WHAT NEEDS TO BE DONE | Repeat the records below exactly, leaving out any pictures.

== RECORDS SHOWN

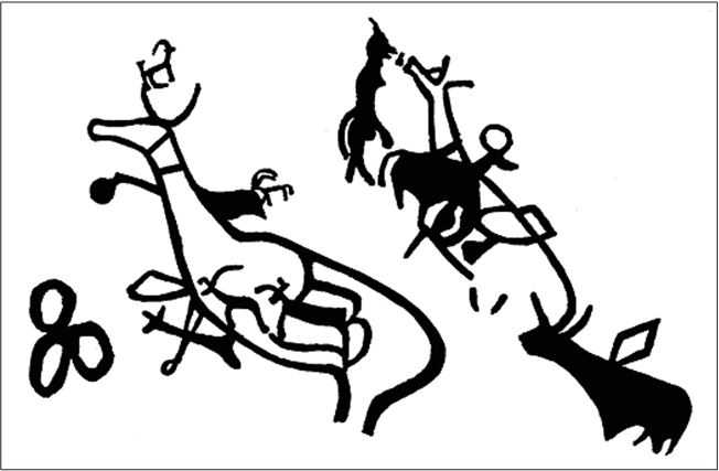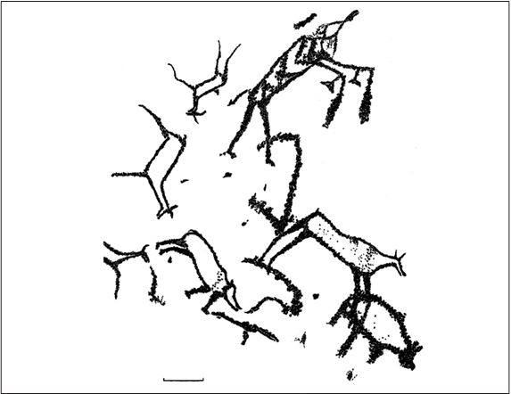 Рис. 2. Петроглифы грота Куйлю. Композиция с маралухой. Эпоха бронзы. Выбивка. 1/8 натуральной величины
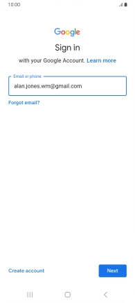 If you don't have a Google account, press Create account and follow the instructions on the screen to create an account.
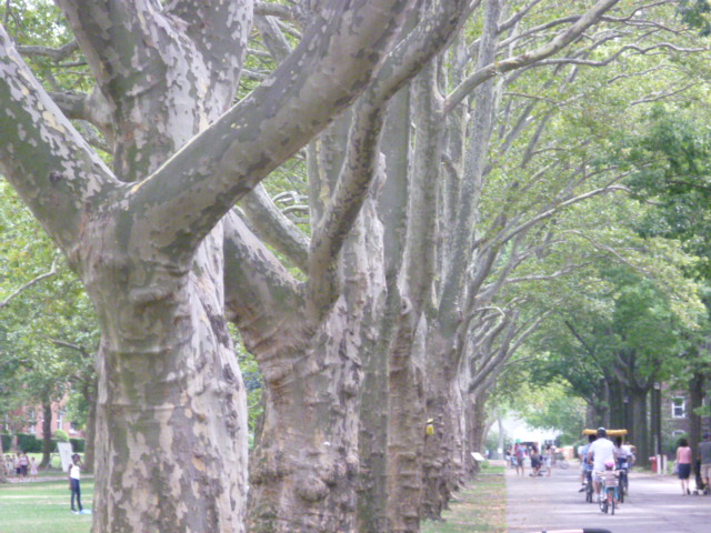Saturday August 21, 2010 – Kokyat and I went over to Governors Island today. The very brief boat ride (it leaves from South Ferry, right next to the Staten Island ferry pier) barely takes five minutes. You step off into a crowd of bicyclists, strollered infants and somewhat dazed tourists all of whom have come over from the bigger island of Manhattan. Although there are many buildings (including a hospital and 3 churches), private homes and apartment units on Governors Island, no one lives there.
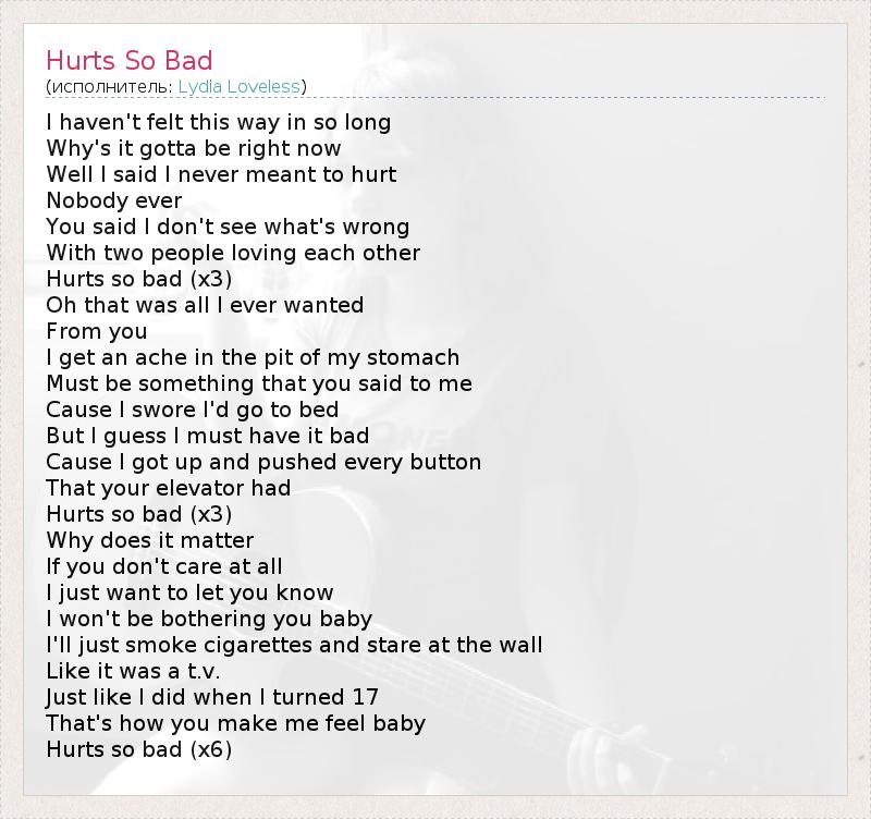 А как ты думаешь, о чем песня "Hurts So Bad" ?
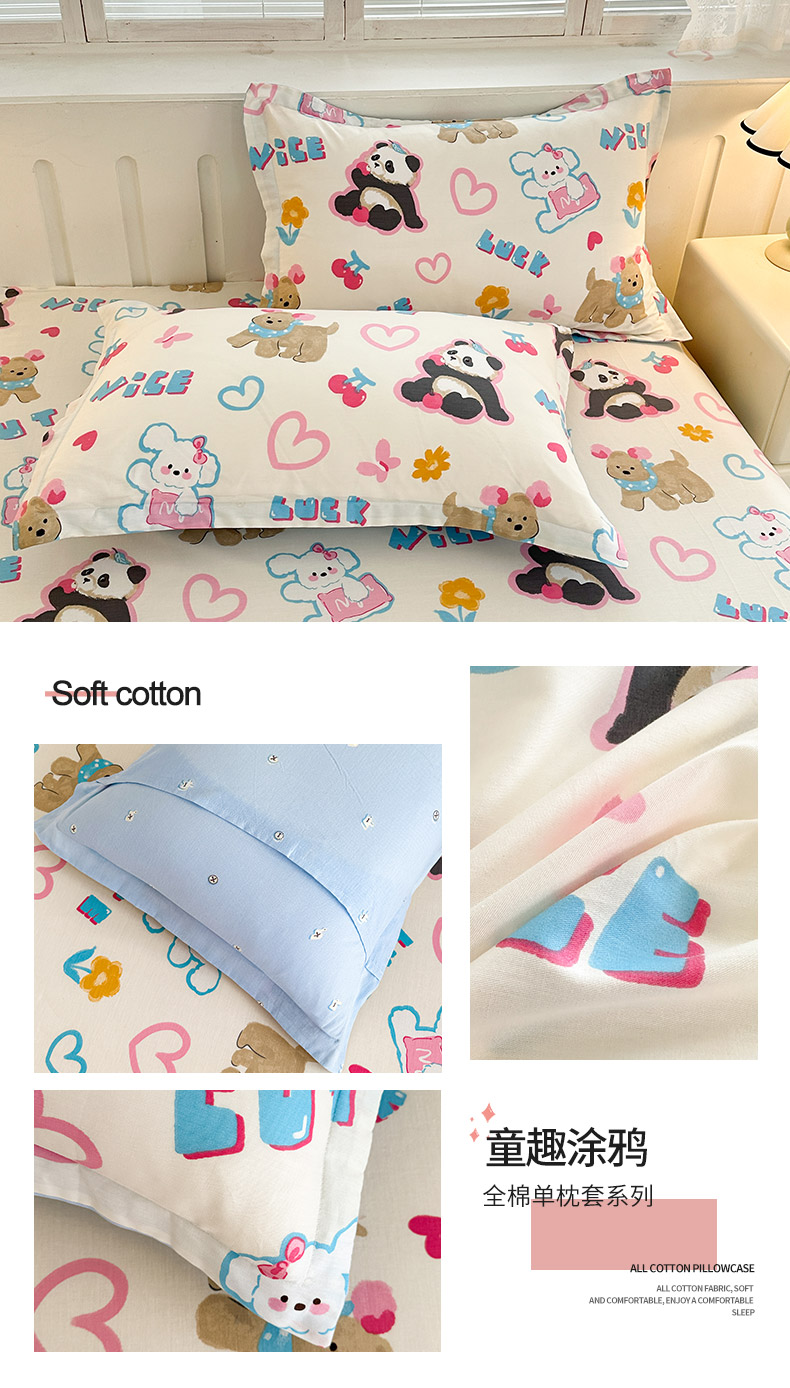 绵庭家纺 2025新款全棉印花单枕套系列 童趣涂鸦
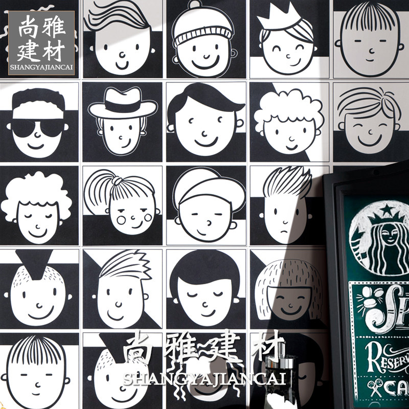 Черно -белая плитка 300 туалетная детская комната стена кирпич -кирпич -кусочка парикмахерская комикс аватарная плитка LH3007
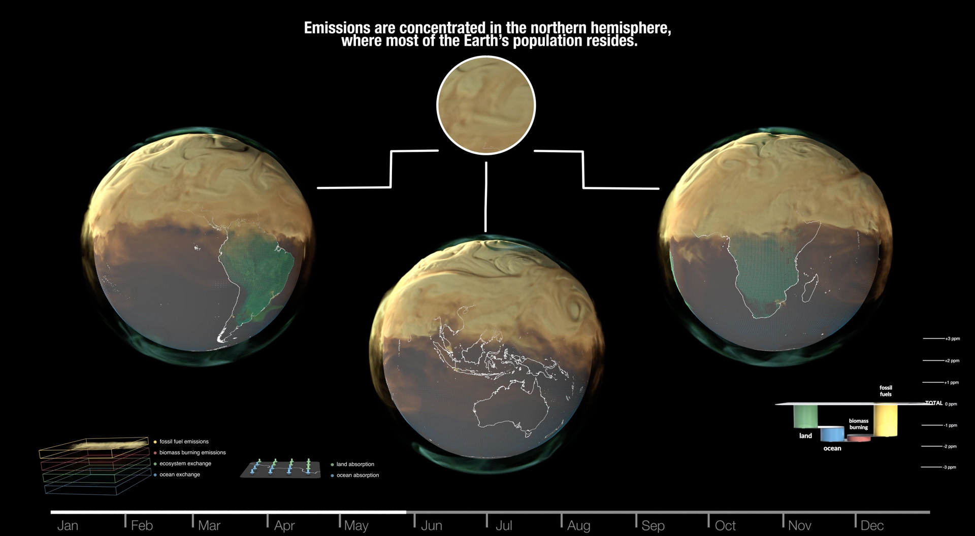 Carbon dioxide is the most prevalent greenhouse gas driving global climate change. Currently, Earth’s land and ocean carbon sinks collectively absorb about half of human emissions every year. NASA uses advanced computer modeling techniques to study the influences of sources and sinks on how carbon moves in the atmosphere.
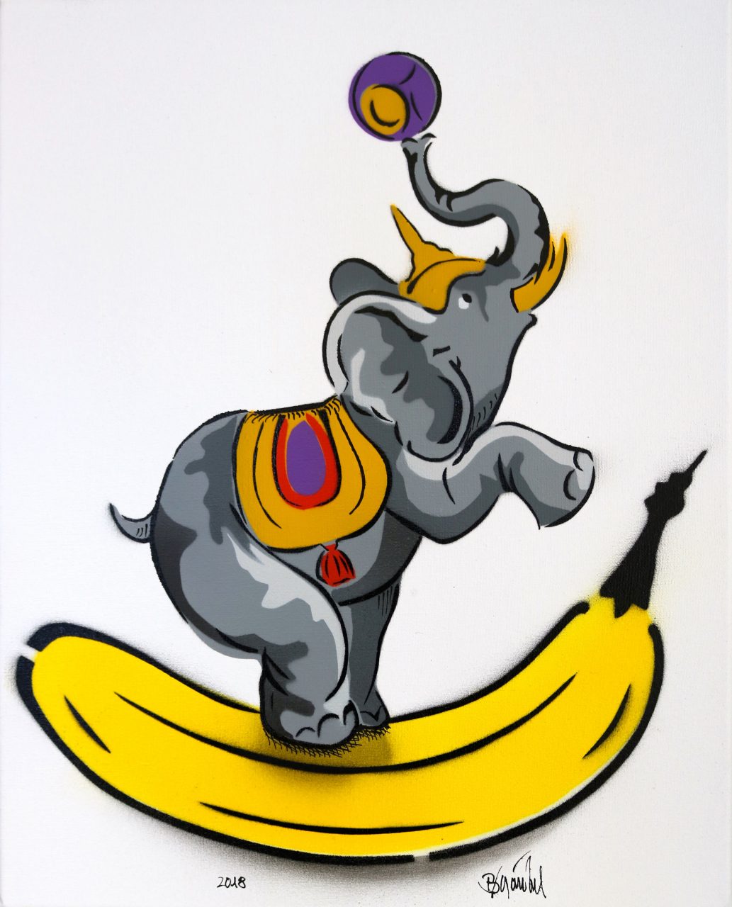 Thomas Baumgärtel Thomas Baumgärtel | Zirkusbanane | 2018 | Spraylack auf Leinwand | 50 x 40 cm | 1400 Euro
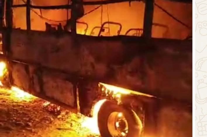 إحراق باص تابع لشركة أسمنت الوحدة في أبين
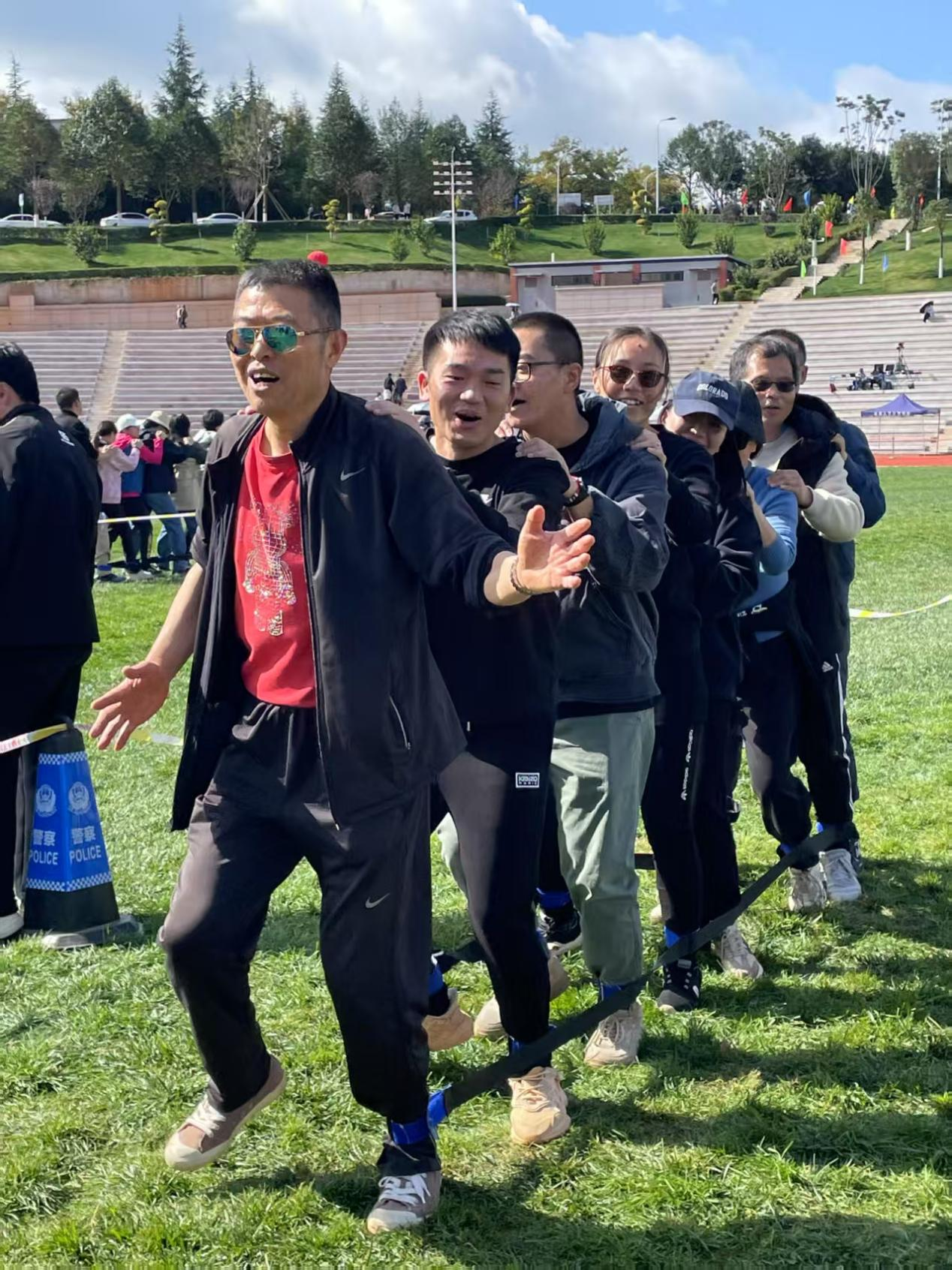 商旅学院教职工积极参加2024年体育节趣味运动会 发表时间:2024-11-23 编辑:张鹏杨 作者: 分享: 2024年11月21日(周四)早上9点左右,在云南大学呈贡校区东门体育公园田径场,在院党委副书记何曼榕的带领和院工会的组织下,我院报名参加趣味运动会的教职工来到运动场参加体育节趣味运动会。 参加趣味运动会的老师们以饱满的热情参与到极兔赛跑、鸿运彩球、巨人的脚步、滚铁环、沙包掷准、跳长绳、同心鼓等项目活动中。 下午,我院教职工杨立珊、王娟、陈华明、郑喆参加了消防运动会。 院工会主席仇学琴、工会委员蒋峻松等到运动场服务。 一审:仇学琴 二审:张鹏杨 三审:何曼榕 上一篇:工商管理与旅游管理学院女教职工外出庆祝 2025年“三八”国际节 下一篇:学院教职工积极参加2023年体育节趣味运动会

====

RESULT OF THE EXERCISE |
 Рис. 2. Петроглифы грота Куйлю. Композиция с маралухой. Эпоха бронзы. Выбивка. 1/8 натуральной величины
 If you don't have a Google account, press Create account and follow the instructions on the screen to create an account.
Saturday August 21, 2010 – Kokyat and I went over to Governors Island today. The very brief boat ride (it leaves from South Ferry, right next to the Staten Island ferry pier) barely takes five minutes. You step off into a crowd of bicyclists, strollered infants and somewhat dazed tourists all of whom have come over from the bigger island of Manhattan. Although there are many buildings (including a hospital and 3 churches), private homes and apartment units on Governors Island, no one lives there.
 А как ты думаешь, о чем песня "Hurts So Bad" ?
 绵庭家纺 2025新款全棉印花单枕套系列 童趣涂鸦
 Черно -белая плитка 300 туалетная детская комната стена кирпич -кирпич -кусочка парикмахерская комикс аватарная плитка LH3007
 Carbon dioxide is the most prevalent greenhouse gas driving global climate change. Currently, Earth’s land and ocean carbon sinks collectively absorb about half of human emissions every year. NASA uses advanced computer modeling techniques to study the influences of sources and sinks on how carbon moves in the atmosphere.
 Thomas Baumgärtel Thomas Baumgärtel | Zirkusbanane | 2018 | Spraylack auf Leinwand | 50 x 40 cm | 1400 Euro
 إحراق باص تابع لشركة أسمنت الوحدة في أبين
 商旅学院教职工积极参加2024年体育节趣味运动会 发表时间:2024-11-23 编辑:张鹏杨 作者: 分享: 2024年11月21日(周四)早上9点左右,在云南大学呈贡校区东门体育公园田径场,在院党委副书记何曼榕的带领和院工会的组织下,我院报名参加趣味运动会的教职工来到运动场参加体育节趣味运动会。 参加趣味运动会的老师们以饱满的热情参与到极兔赛跑、鸿运彩球、巨人的脚步、滚铁环、沙包掷准、跳长绳、同心鼓等项目活动中。 下午,我院教职工杨立珊、王娟、陈华明、郑喆参加了消防运动会。 院工会主席仇学琴、工会委员蒋峻松等到运动场服务。 一审:仇学琴 二审:张鹏杨 三审:何曼榕 上一篇:工商管理与旅游管理学院女教职工外出庆祝 2025年“三八”国际节 下一篇:学院教职工积极参加2023年体育节趣味运动会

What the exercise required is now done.